The LCCMC Secretary, Mr Eti-mbuk Essien, made this allegation in a letter dated Feb. 10 and addressed to the Managing Director, Total E & P Nigeria Limited.

The letter made available to our reporter on Monday in Uyo noted that Total E & P contractors had not complied with the local content law.

Essien said that the state government was dissatisfied with the company’s prime and subcontractors for violating local content law.

He alleged that Total E &P had successfully operated OFON fields and gas flaring projects from OML 102 without giving any consideration to Akwa Ibom, the host of the fields.

“The Akwa Ibom state government has lost over N180 billion as a consequence of these unholy and ugly practices.

“Such huge amount of money in the coffer of the state government will significantly boost the economy of the state,” Essien said.

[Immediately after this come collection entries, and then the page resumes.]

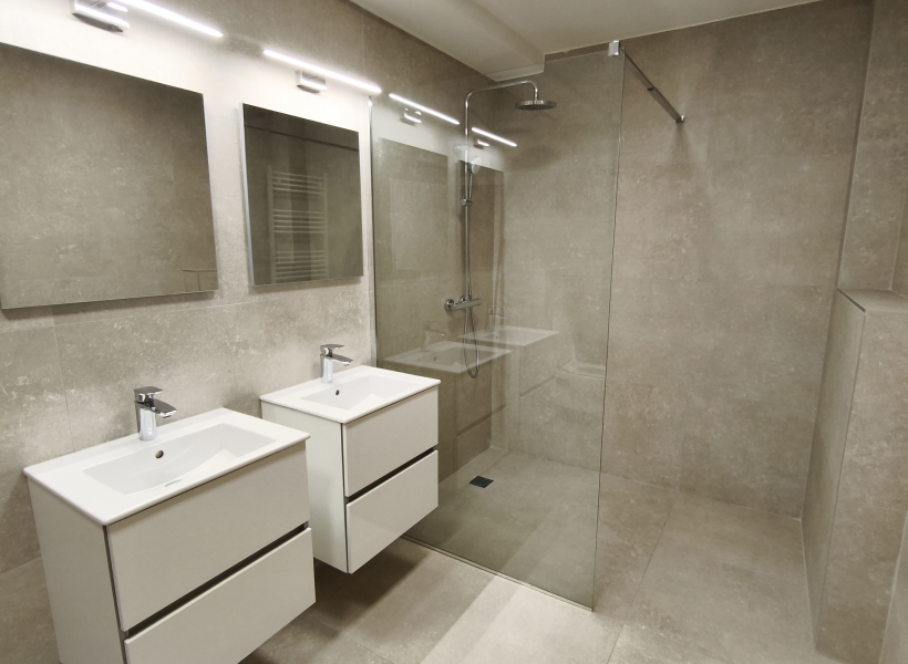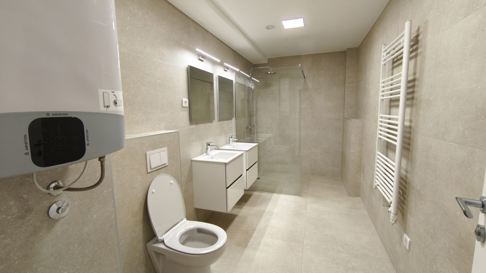 Станот се наоѓа на 1ви кат и располага со три спални и две бањи, голема дневна соба со простор за трпезарија и кујна, создавајќи чувство на комфор и практичност, со светли и пространи простории, а терасата нуди отворен поглед и совршено место за одмор.
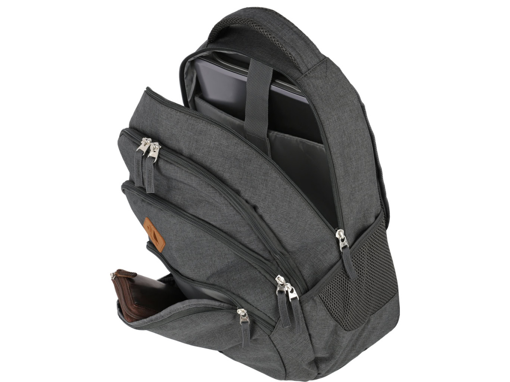 Ať už máte namířeno do práce, školy či na výlet, dvoukomorový batoh Backpack Melange z řady Basics s vámi udrží tempo po celý den! Komfortní zádový panel a nastavitelný hrudní popruh zaručí pohodlné nošení, zatímco integrovaná přihrádka na notebook s jistícím popruhem ochrání elektroniku před nárazy a otřesy. Praktické vnitřní členění vám zase umožní přehledně si uspořádat nejen dokumenty a složky, ale i příslušenství či psací potřeby. Batoh rovněž splňuje normy pro palubní zavazadla většiny aerolinií, můžete jej tedy bez obav použít i jako příruční zavazadlo.
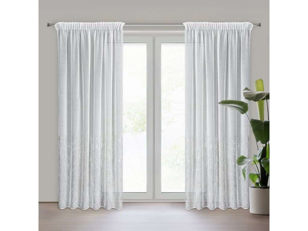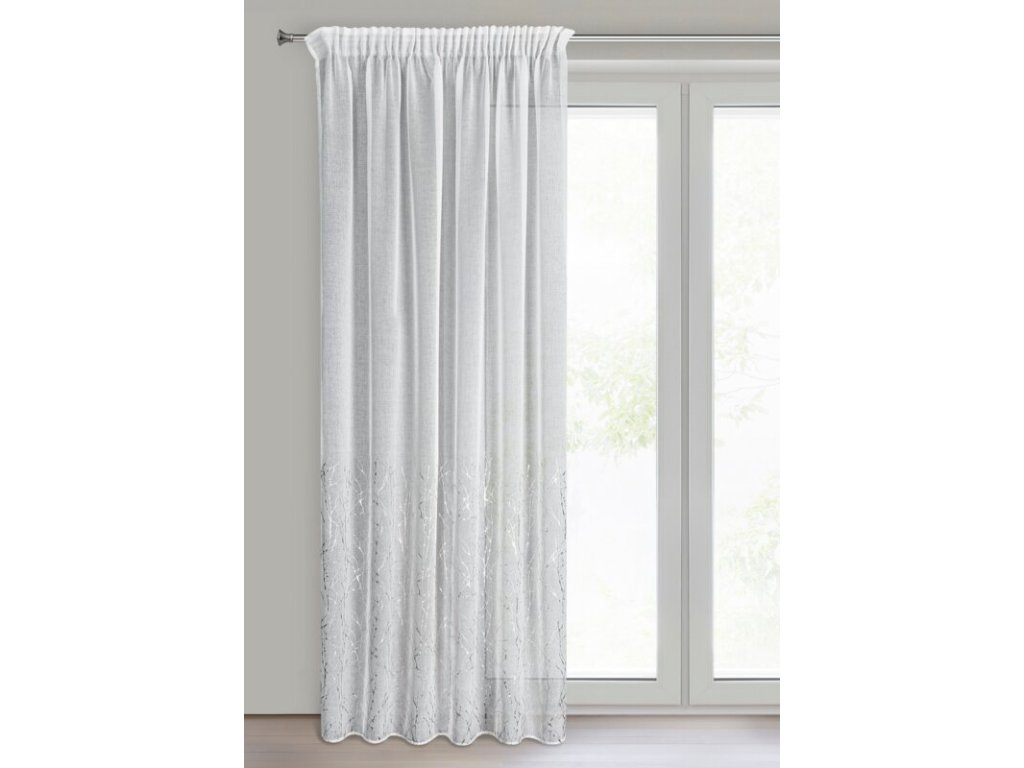 Firana gotowa z błyszczącym gumowanym nadrukiem szerokość: 140 cm, długość: 270 cm, kolor: BÍLÝ, Gramatura: 70 GSM, Skład: 100% poliesterDoplňkové parametry
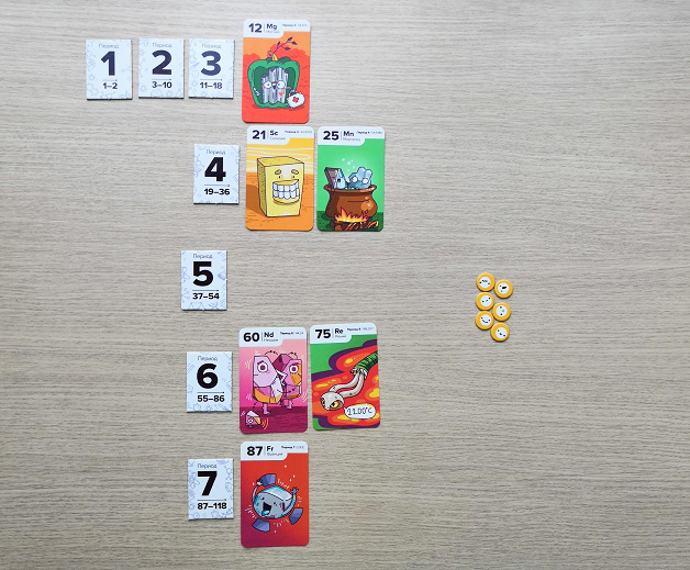 Игроки получают по 3 карты и 9 жетонов-электронов. Жетоны периодов выкладываются, как на фото (1, 2 и 3 период - считаются за один период).
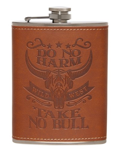 Complete your wild west look and prepare for the night of your life with this No Bull Western Flask. Use this as an accessory on Halloween night and get the party started! Material: Iron Care: Hand wash Imported.
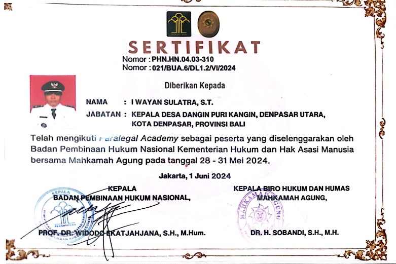 Bapak Perbekel telah tersertifikasi sebagai Non Litigation Paralegal - sebagai mediator sengketa masyarakat dan pemberi informasi hukum kepada masyarakat agar jika terjadi permasalahan tidak ke ranah Pengadilan
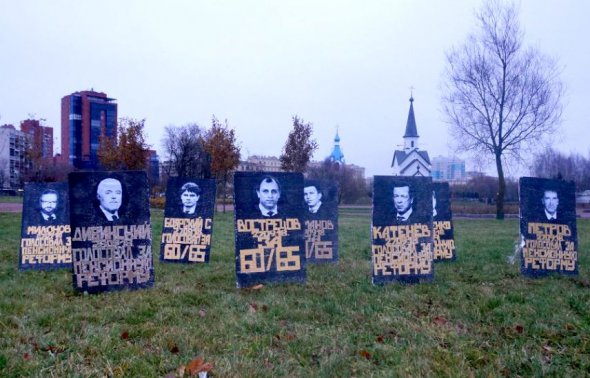 На могильних плитах були зображені Віталій Мілонов, Сергій Вострєцов, Володимир Катеньов, Євген Марченко та інші депутати з Петербургу.
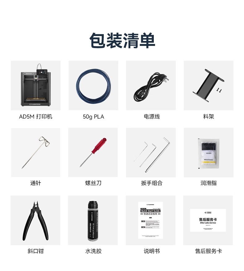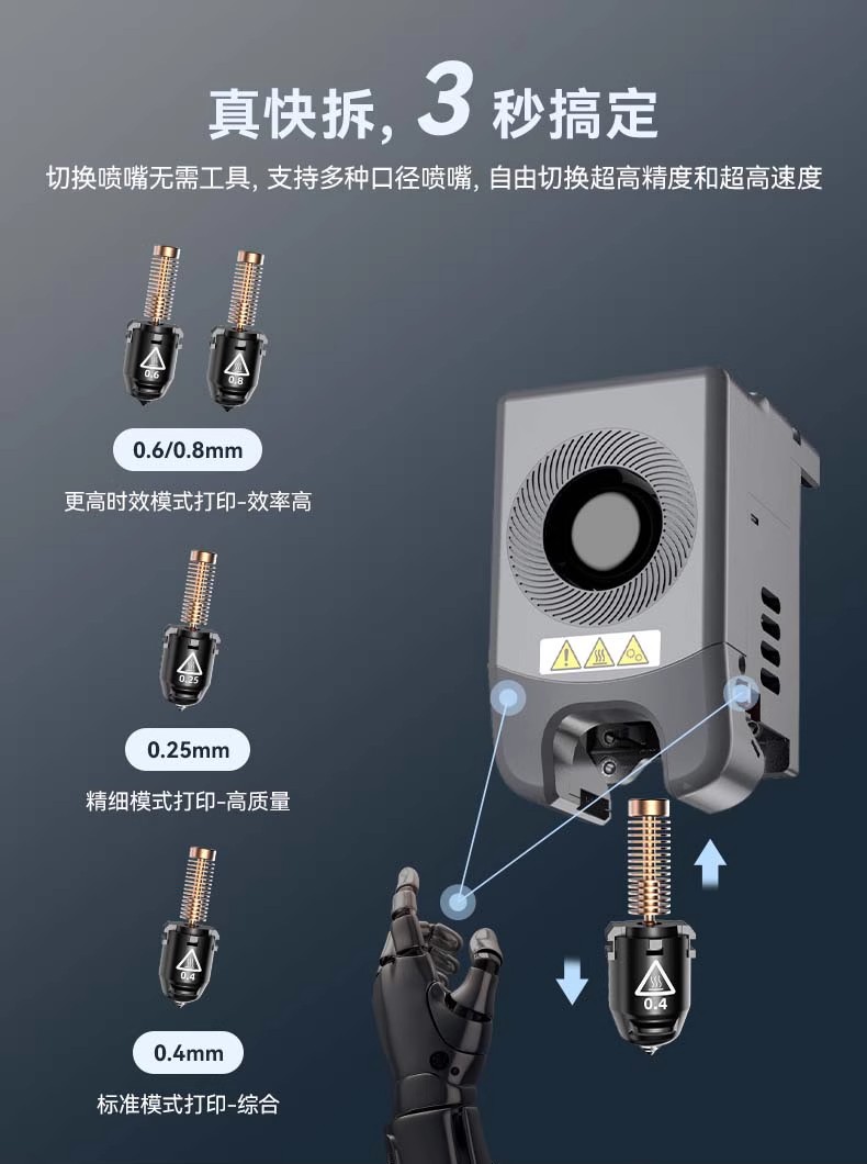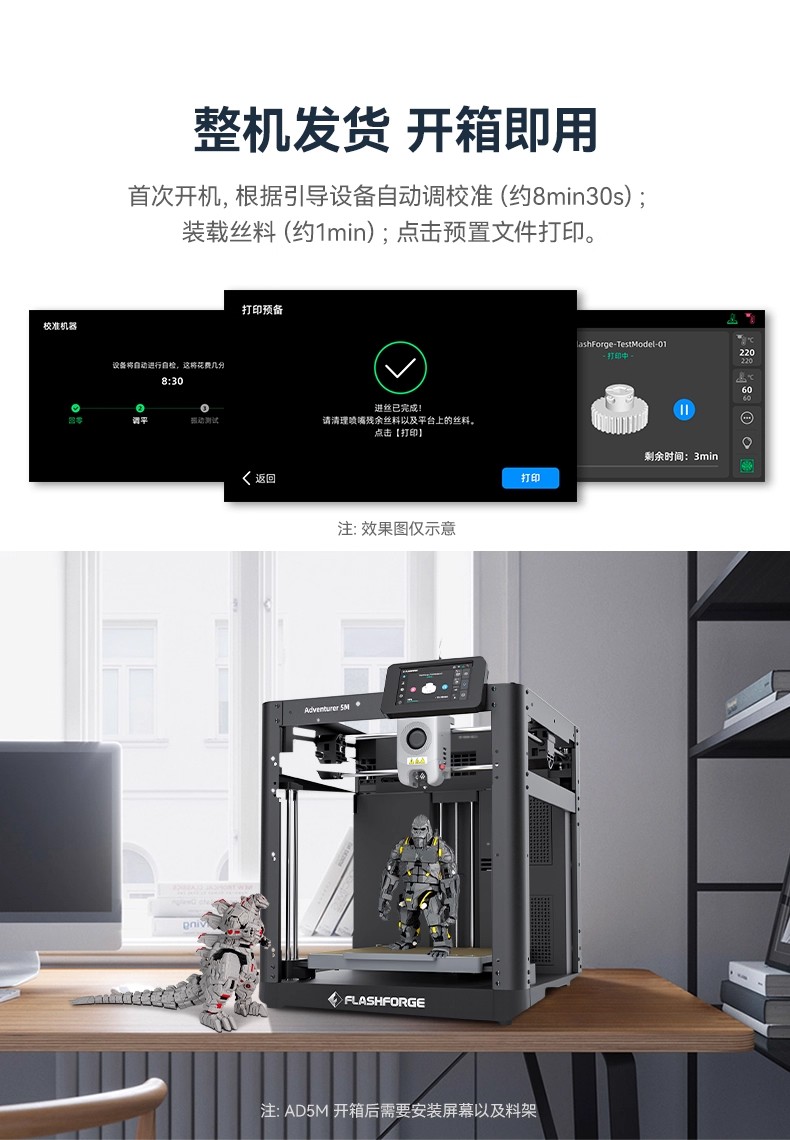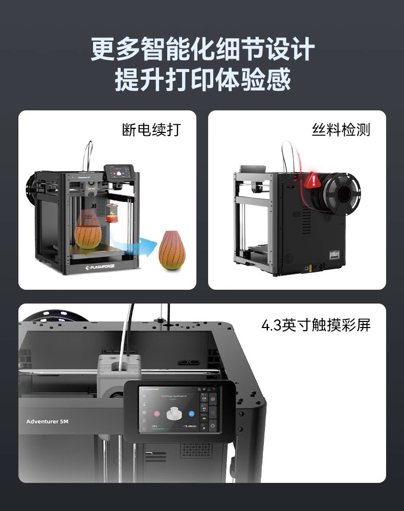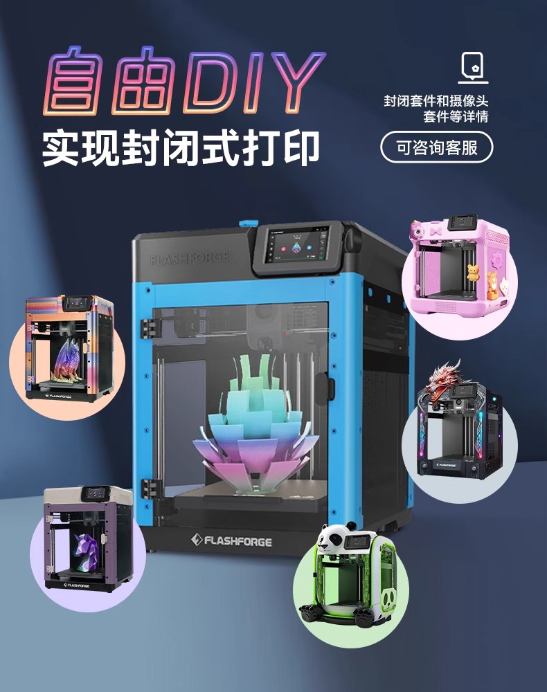 The AD5M high-speed 3D printer features fully automatic leveling, is easy to use, and has a 3-second quick-release nozzle. It is a beginner's FDM desktop home 3D printing machine

Essien called on Total E & P Nigeria Limited to direct all its major and subcontractors to establish functional offices in Akwa Ibom within 30 days from now.

“The uncivilized attitude and the insubordination of your prime and subcontractors, is viewed by the state government as affront and an act of economic sabotage.

“It is the legitimate right of the state indigenes to participate in the business of your prime and subcontractors and the negation is of very serious concern to the state government.

“Please take note that no prime and subcontractors operating within the state territorial water shall be allowed to operate in the state without functional office,” Essien threatened.

Essien said that the state government would no longer condone the untoward attitude of oil firms and their contractors operating in the state.

He said that the contractors to Total E & P Nigeria Limited were violating sections 25, 26, 27 and 28 (1, 2) of the Nigerian Oil and Gas Industry Content Development Act 2010.

“These companies have also violated the Oil Companies and Vessels Regulation of Business, Registration and Plying Levy law 2006 of Akwa Ibom State,” Essien said.

He explained that sections 25, 26 and 27 of Nigerian Local Content Act 2010 made provisions for location of office and engagement of personnel from the project area.

Essien said that Section 28 (1,2) of the law provided for engagement of reasonable number of personnel from areas of significant operations.

He said that the state Law on Oil Companies and Vessels Regulation of Business, Registration and Plying Levy 2006 also required establishment of functional office within 30 days of operations.